Limbaugh Case Spotlights Rare Deafness Condition

Medically Reviewed by Charlotte E. Grayson Mathis, MD
From the WebMD Archives

Doctors treating Rush Limbaugh recently revealed that the famed conservative talk-show host is suffering from rapid-onset hearing loss as a result of a rare condition called autoimmune inner ear disease (AIED). His case is focusing attention on an extremely rare disease that, at best, can be held at bay by current medications but can't be cured.

Limbaugh announced earlier in October that for all practical purposes, he is deaf.

Doctors at The House Ear Clinic/House Ear Institute in Los Angeles, where Limbaugh is being treated, said that they based their diagnosis on his medical history and hearing tests. While he doesn't have other symptoms of AIED (such as fluctuating degrees of hearing, dizziness, ear fullness, or sudden hearing loss), he has suffered rapidly progressive hearing loss since May.

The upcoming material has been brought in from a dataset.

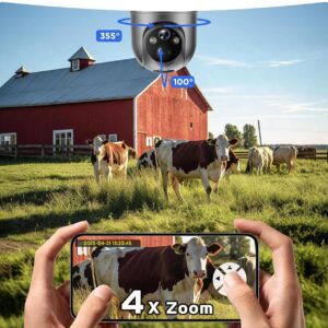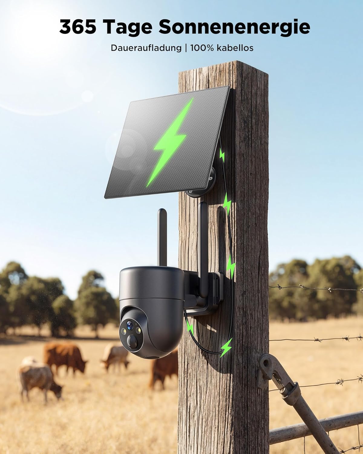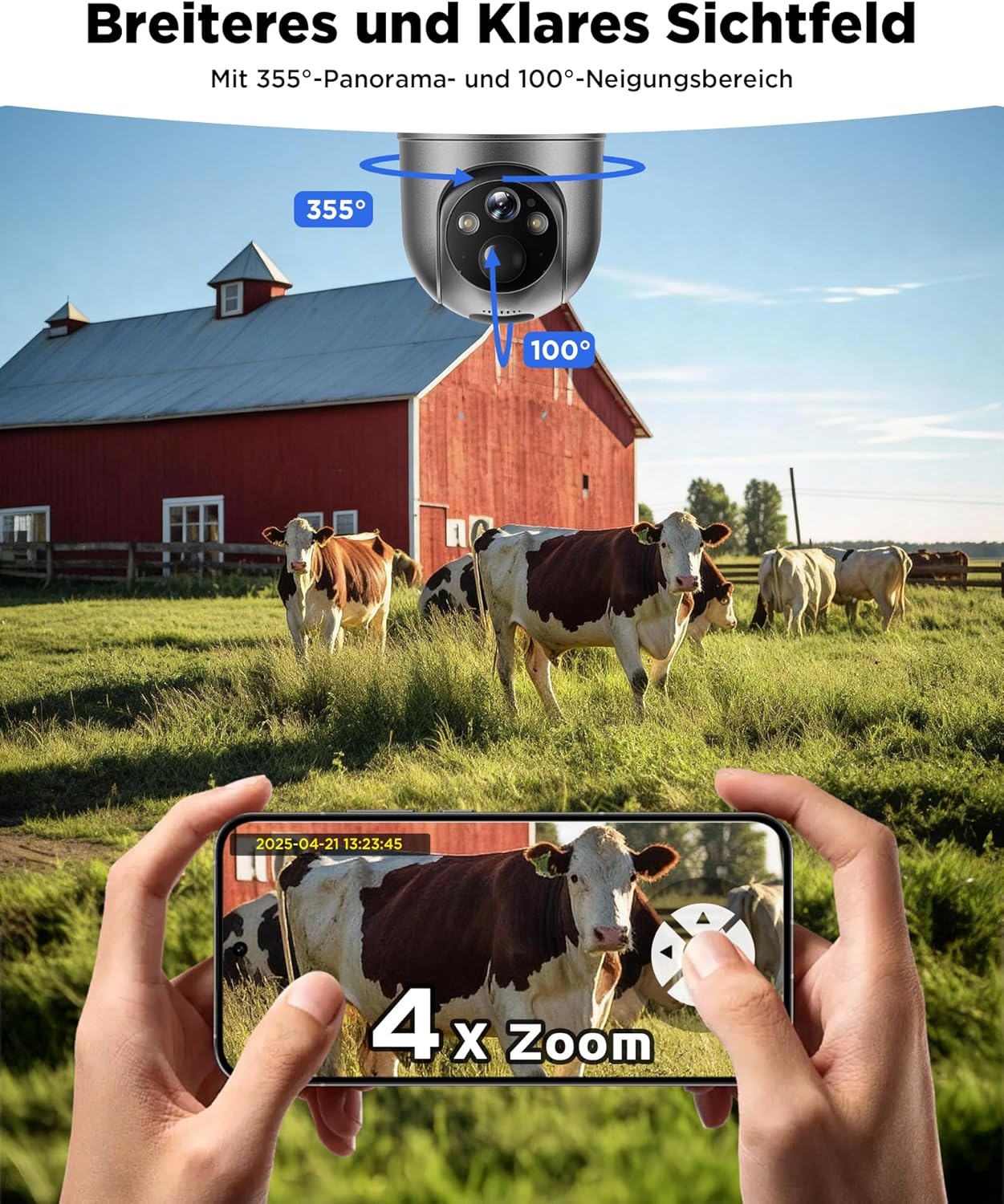 - 【2K HD & 360°-Panoramabild】: Man genießt kristallklare Überwachungsbilder mit 2K HD-Auflösung und 4-fachem digitalen Zoom. Die Überwachungskamera Solar mit SIM kann horizontal bis zu 355° und vertikal bis zu 100° drehen. Über die mobile App kann man die Überwachungskamera 4g ferngesteuert und erreicht so eine fast 360°-Cobertura ohne tote Winkel. Zudem bietet die Überwachungskamera Aussen mit SIM Karte eine Nachtsichtreichweite von 15 Metern und kann selbst in völliger Dunkelheit scharfe Bilder aufnehmen – Tag und Nacht sicherstellen, dass keine Details verloren gehen

Autoimmune Inner Ear Disease (AIED) causes hearing loss or dizziness. The hearing loss usually affects both ears, often accompanied by a ringing, hissing, or roaring sound in the ear. AIED is rare, occurring in less than 1% of all cases involving hearing loss and dizziness. Doctors believe it is caused by the body's immune system attacking the inner ear and damaging the hearing nerve. The immune system mistakenly identifies normal tissue as a harmful virus or a bacterium and attacks by releasing inflammatory chemicals. These chemicals damage the tissue, resulting in the onset of deafness. While researchers do not know why this process occurs, it has been noted that many patients have other autoimmune diseases such as rheumatoid arthritis, lupus, or scleroderma.

Prednisone, a steroid drug, is the best current treatment of AIED. The drug suppresses the immune system, relieving symptoms in many patients. However, it must be taken in high doses for long periods of time for it to be effective. Possible side effects of prednisone include weight gain, mood changes, facial hair, acne, premature osteoporosis, and cataracts.

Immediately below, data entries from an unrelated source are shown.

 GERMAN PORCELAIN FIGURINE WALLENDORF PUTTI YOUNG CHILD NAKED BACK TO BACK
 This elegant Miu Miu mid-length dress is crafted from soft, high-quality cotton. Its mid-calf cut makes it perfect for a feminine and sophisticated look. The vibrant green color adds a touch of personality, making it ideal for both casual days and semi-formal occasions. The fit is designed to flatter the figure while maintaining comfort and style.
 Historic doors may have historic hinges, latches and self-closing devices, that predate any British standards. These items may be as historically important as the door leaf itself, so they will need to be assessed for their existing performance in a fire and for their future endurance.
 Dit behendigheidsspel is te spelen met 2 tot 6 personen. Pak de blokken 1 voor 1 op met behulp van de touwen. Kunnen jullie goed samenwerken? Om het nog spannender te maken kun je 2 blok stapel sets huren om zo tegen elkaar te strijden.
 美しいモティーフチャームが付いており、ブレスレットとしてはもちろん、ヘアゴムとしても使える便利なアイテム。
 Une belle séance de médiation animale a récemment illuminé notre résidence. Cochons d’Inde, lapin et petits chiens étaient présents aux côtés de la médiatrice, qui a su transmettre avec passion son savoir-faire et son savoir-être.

A multi-institutional, clinical study is under way to measure the benefits and risks of treating AIED with a combination of prednisone and methotrexate, another immunosuppressive drug. If methotrexate works, it would provide a less-toxic treatment than prednisone, with fewer side effects.

Limbaugh is being treated with this experimental combination, along with an anti-inflammatory drug called Enbrel. If medications do not halt or reverse the AIED damage, he may need surgery and a device, such as a cochlear implant, to help him to hear.